В седьмом классе Ане понравился старшеклассник Генка с узкими, будто прорезанными лезвием, глазами. Паренек по прозвищу Капитан занимался в кружке судомоделизма, носил под школьной формой тельняшку и собирался повторить путь исследователя Арктики Бадигина. Однажды у девочки созрел план. В маминой шкатулке давно валялась брошь в виде корабля с бисерным килем, фоком из пайеток и якорем из рисовых бусин. Мама бижутерию не носила, утверждая, что только неуверенные личности пытаются украсить себя какими-то материальными сигналами. Аня без зазрения совести достала брошь, приколола на шарф поверх пальто, и на ее груди взял курс на восток лайнер, подмигивающий дешевым перламутром.

Утром девочка с прекрасным рыцарем разминулась, а после шестого урока, когда наверняка должны были пересечься в холле у бюста Ильича, броши на шарфе не оказалось. Видимо, кто-то пробрался в раздевалку и присвоил сомнительную драгоценность. Аня проплакала всю дорогу домой, представляя, как мама зачем-то полезет в шкатулку и обнаружит пропажу. Та действительно весь вечер ходила вокруг. Затеяла в серванте уборку, долго рылась в журналах «Работница», пытаясь найти не то выкройку заячьей шапки, не то совет, как дать клеенке вторую жизнь. Казалось, сейчас откроет нижний ящик, упрется взглядом в ларец, щелкнет крышкой, будто спусковым крючком, и наступит конец света. Аня с трудом дождалась отца, потянула его на кухню и зарыдала прямо в ухо:

– Папочка, я без спроса взяла мамину брошь и потеряла ее. Как теперь быть?

Зажмурилась, приготовившись не то к строгому выговору, не то к пощечине. Тот приобнял и сказал любимое:

– Главное, чтобы были мы, а брошь – это наживное.

До второго класса Аня просила родить братика, сестричку или хотя бы персикового кота, но мама лишь шипела ушастым ежом, еще не пообедавшим саламандрой. Повторяла, что материнство не ее конек и свой долг она уже выполнила. Больше не готова хоронить себя среди марлевых подгузников и манных каш, так как это не центральный смысл жизни. И вообще, очень жалела, что ввязалась в это дело.
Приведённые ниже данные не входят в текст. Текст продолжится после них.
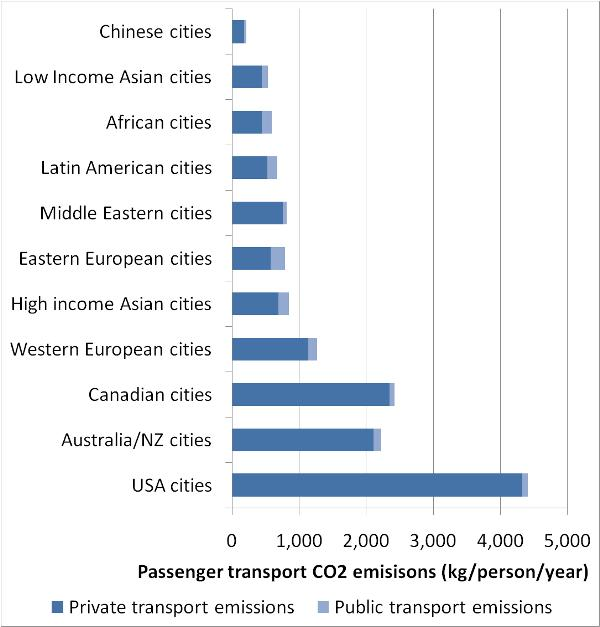 Graph of CO2 emissions by city for the year 1995. Graph created by me from data published in Kenworthy, JR (2002) Transport Energy Use and Greenhouse Gases in Urban Passenger Transport Systems: A Study of 84 Global Cities / Millennium Cities Database UITP KENWORTHY JR*

Подставляла ребро ладони к шее, имитируя гильотину, и резюмировала:

– Мне тебя во как хватает! Кроме того, я люблю спать. Представляешь? Я люблю спать беспробудно всю ночь, а не вскакивать от любого писка, заниматься полезным делом, а не подтиранием соплей, но самое главное, я ненавижу быть беременной.
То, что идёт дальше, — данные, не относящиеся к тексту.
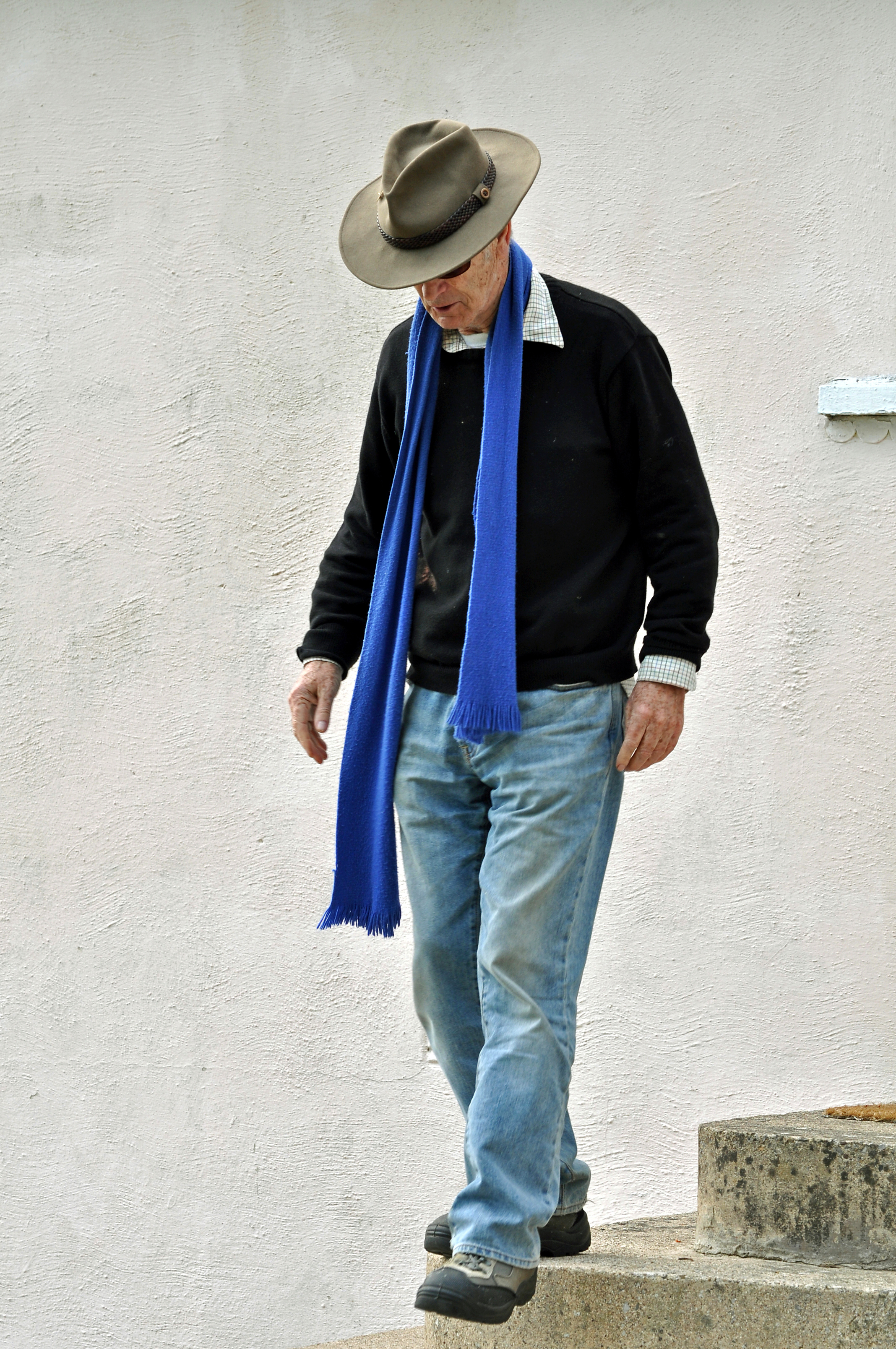 Author Gabriel Walsh

Девочка не совсем понимала, о чем толкует мама, и бежала за разъяснениями к папе. Тот просил жену придержать лошадей и не грузить ребенка своей вопиюще дерзкой правдой. Дежурно доставал шашки, укладывал белые на черные и объяснял:

– Анечка, не все женщины могут быть мамами, как и не все способны летать в космос и танцевать «Спящую красавицу». Кому-то интересно вводить в рацион желток, а кому-то – дом в эксплуатацию. Понимаешь?
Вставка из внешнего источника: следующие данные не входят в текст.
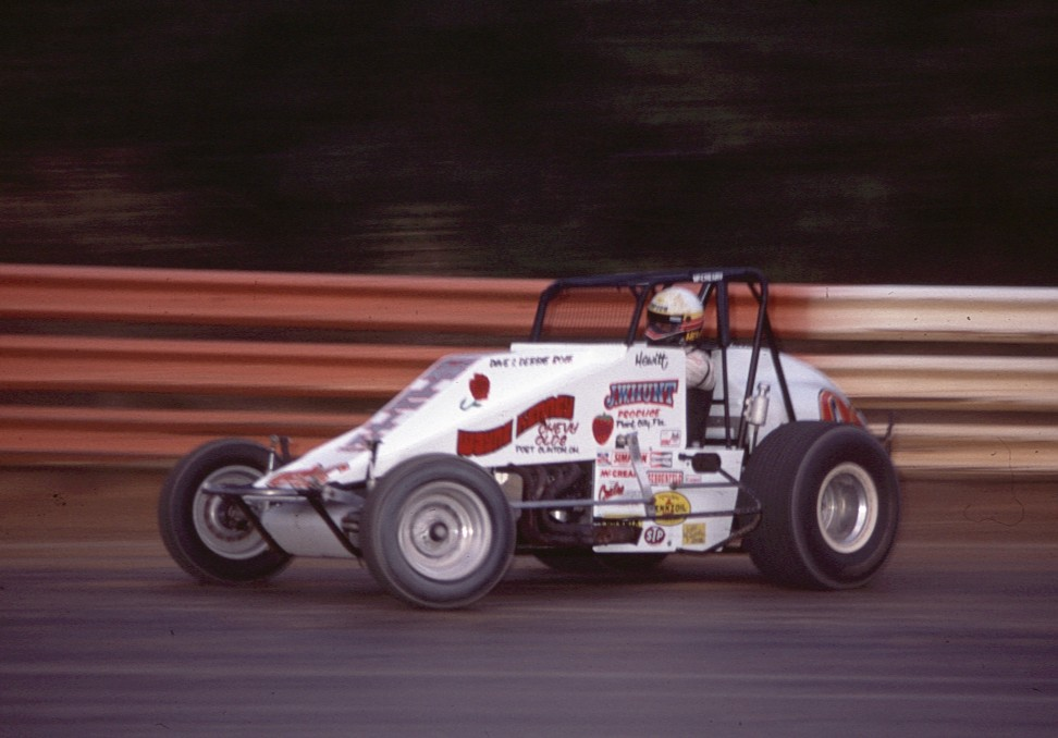 Jack Hewitt USAC racecar at Hagerstown, Maryland by Ted Van Pelt

Аня не понимала, и тогда отец пускался в пространственные размышления, а девочка с интересом следила за перетасовкой его слов.

– Смотри, доча, мы ведь не требуем от полевой мыши стать зеленым дятлом, а от Африки – метаморфозы в виде стылой Антарктиды. Есть неизменные вещи или незыблемые, называй как хочешь. Стрелки часов идут слева направо, а не наоборот, за осенью – зима, а у жирафа – длинная шея. Зевота заразительна, мотыльки упорно летят на свет, большинство людей правши. Мы не в состоянии это изменить и объяснить. Так и наша мама. У нее внутри другая закваска и другой набор качеств. Ей не жалко беднягу Бима, она не смеется во время просмотра «Бриллиантовой руки», и ее чудовищно раздражает материнство.


Воскресные дни проводили предсказуемо и однотипно. Завтракали жареной картошкой, читали книжки, смотрели «АБВГДейку». Аня, умытая и причесанная, сидела на стульчике, так как в их доме не разрешалось садиться на заправленную кровать, и смотрела, как на экране появляется голубоглазый кот и протягивает свою когтистую лапу к фрикаделистым буквам.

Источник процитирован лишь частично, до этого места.